APPLICATION OF SPLINE FUNCTIONS AND WALSH FUNCTIONS IN PROBLEMS OF PARAMETRIC IDENTIFICATION OF LINEAR NONSTATIONARY SYSTEMS
Context. In this article, a generalized parametric identification procedure for linear nonstationary systems is proposed, which uses spline functions and orthogonal expansion in a series according to the Walsh function system, which makes it possible to find estimates of the desired parameters by minimizing the integral quadratic criterion of discrepancy based on solving a system of linear algebraic equations for a wide class of linear dynamical systems. The accuracy of parameter estimation is ensured by constructing a spline with a given accuracy and choosing the number of terms of the Walsh series expansion when solving systems of linear algebraic equations by the A. N. Tikhonov regularization method. To improve the accuracy of the assessment, an algorithm for adaptive partitioning of the observation interval is proposed. The partitioning criterion is the weighted square of the discrepancy between the state variables of the control object and the state variables of the model. The choice of the number of terms of the expansion into the Walsh series is carried out on the basis of adaptive approximation of non-stationary parameters in the observation interval, based on the specified accuracy of their estimates. The quality of the management of objects with variable parameters is largely determined by the accuracy of the evaluation of their parameters. Hence, obtaining reliable information about the actual nature of parameter changes is undoubtedly an urgent task.

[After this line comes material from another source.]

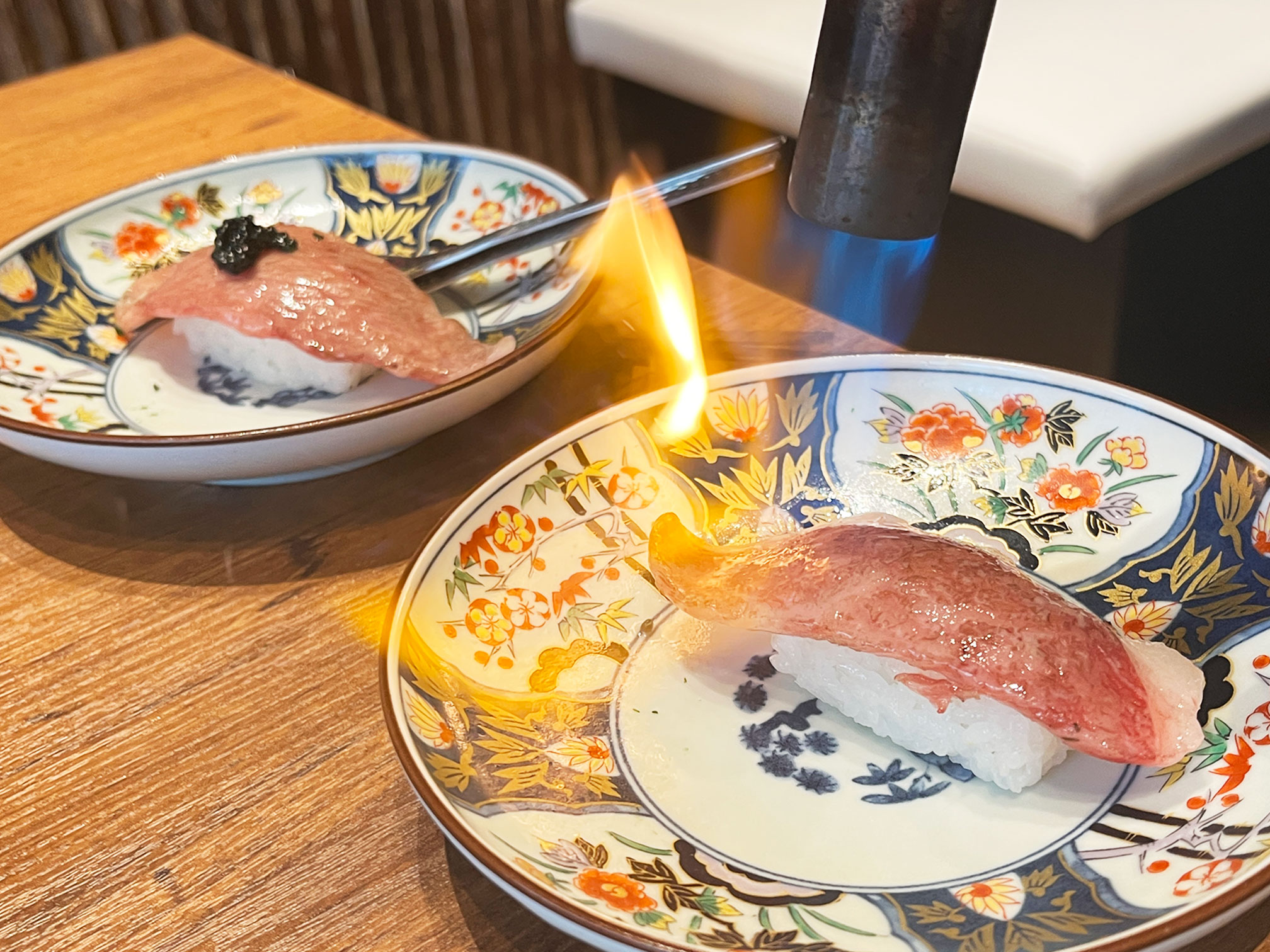 見た目が良すぎる炙り肉寿司は、食べる直前に店員さんが炙ってくれます。

Objective. Improving the accuracy of parameter estimation of a wide class of linear dynamical systems through the joint use of spline functions and Walsh functions.
Method. A generalized parametric identification procedure for a wide class of linear dynamical systems is proposed. The choice of the number of terms of the expansion into the Walsh series is made on the basis of the proposed algorithm for adaptive partitioning of the observation interval.
Results. The results of modeling of specific linear non-stationary systems confirm the effectiveness of using the proposed approaches to estimating non-stationary parameters.
Conclusions. The joint use of spline functions and Walsh functions makes it possible, based on the proposed generalized parametric identification procedure, to obtain analytically estimated parameters, which is very convenient for subsequent use in the synthesis of optimal controls of real technical objects. This procedure is applicable to a wide class of linear dynamical systems with concentrated and distributed parameters.